» Assigned task: Leave the pictures behind and repeat all the entries exactly.

Extracted records
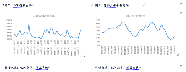 二次育肥呈现明显增加态势,根据涌益口径显示,2月前20日,二育销量占比在11-20日期间达到5.49%,处于最近一段时间的绝对高位,并且,从育肥户栏舍利用率来看,总体利用率也由前期低点回升至25%左右。近期二育的增加同样对于供应释放有一定缓冲,后续逐步出栏可能也将呈现一定的压力。不过,从当前整体生猪价格以及育肥成本来看,二次育肥利润其实比较一般,二育增加的主要动力仍然源于当前肥标价差较高以及前期存栏较低所致,因此,后续增量可能相对比较有限。
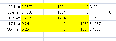 En imagen se marcaría el e4567 con el d24 porque son del mismo mes, y el e4569 con el d25 porque también son del mismo mes.
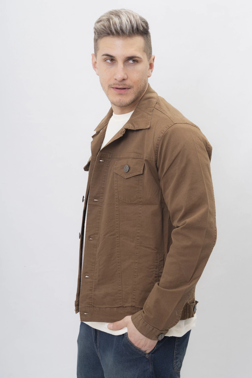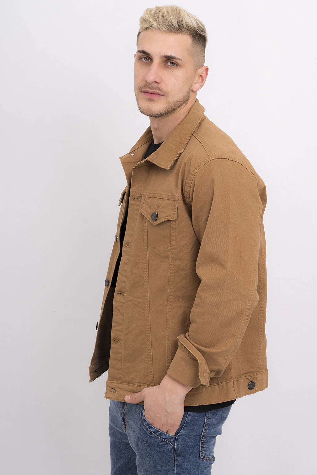 Con un cuello estilo camisa y múltiples bolsillos: dos superiores al frente y bolsillos laterales, esta chaqueta es perfecta para quienes buscan funcionalidad sin sacrificar la moda. Su espansor con botones en la cintura permite un ajuste a medida, adaptándose a tu cuerpo.
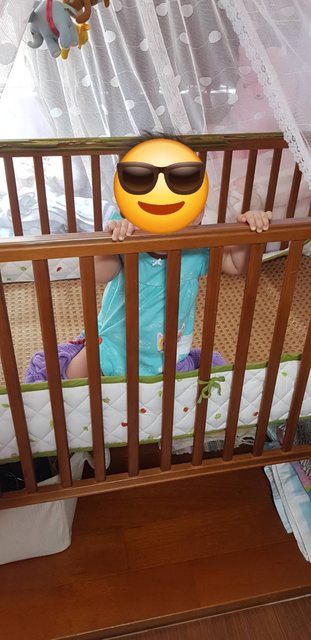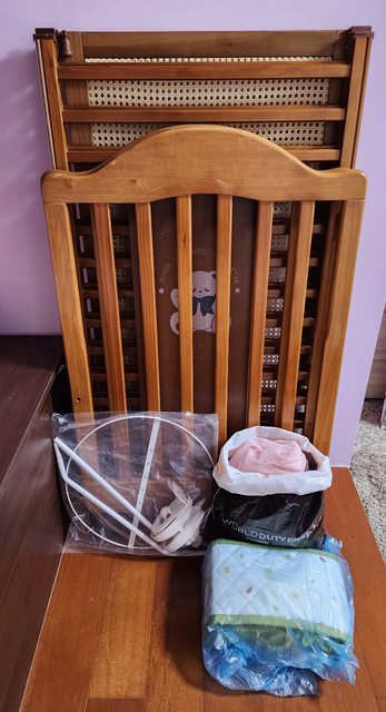 物品: 二手實木嬰兒床+蚊帳+床圍
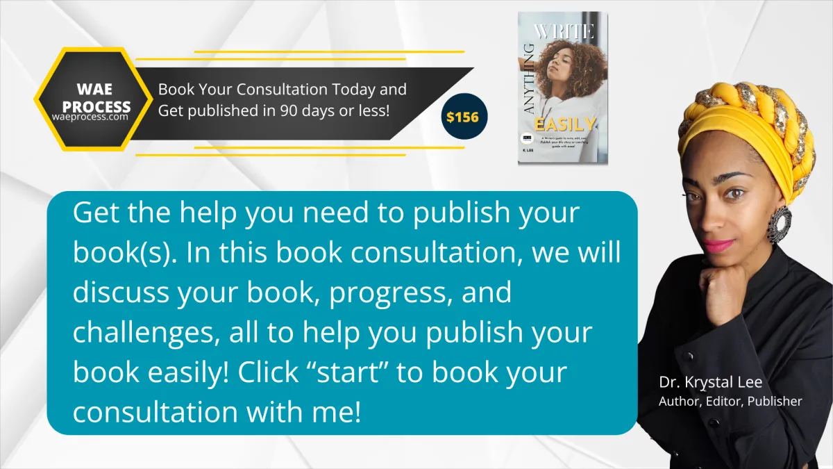 If you want to have my help for each step of the process, or to learn what you need and book 1 or 2 sessions, don't miss signing up for coaching with Dr. Krystal Lee, published author K Lee, of nearly 75 books.

» Answer to this task:
 二次育肥呈现明显增加态势,根据涌益口径显示,2月前20日,二育销量占比在11-20日期间达到5.49%,处于最近一段时间的绝对高位,并且,从育肥户栏舍利用率来看,总体利用率也由前期低点回升至25%左右。近期二育的增加同样对于供应释放有一定缓冲,后续逐步出栏可能也将呈现一定的压力。不过,从当前整体生猪价格以及育肥成本来看,二次育肥利润其实比较一般,二育增加的主要动力仍然源于当前肥标价差较高以及前期存栏较低所致,因此,后续增量可能相对比较有限。
 En imagen se marcaría el e4567 con el d24 porque son del mismo mes, y el e4569 con el d25 porque también son del mismo mes.
 Con un cuello estilo camisa y múltiples bolsillos: dos superiores al frente y bolsillos laterales, esta chaqueta es perfecta para quienes buscan funcionalidad sin sacrificar la moda. Su espansor con botones en la cintura permite un ajuste a medida, adaptándose a tu cuerpo.
 物品: 二手實木嬰兒床+蚊帳+床圍
 If you want to have my help for each step of the process, or to learn what you need and book 1 or 2 sessions, don't miss signing up for coaching with Dr. Krystal Lee, published author K Lee, of nearly 75 books.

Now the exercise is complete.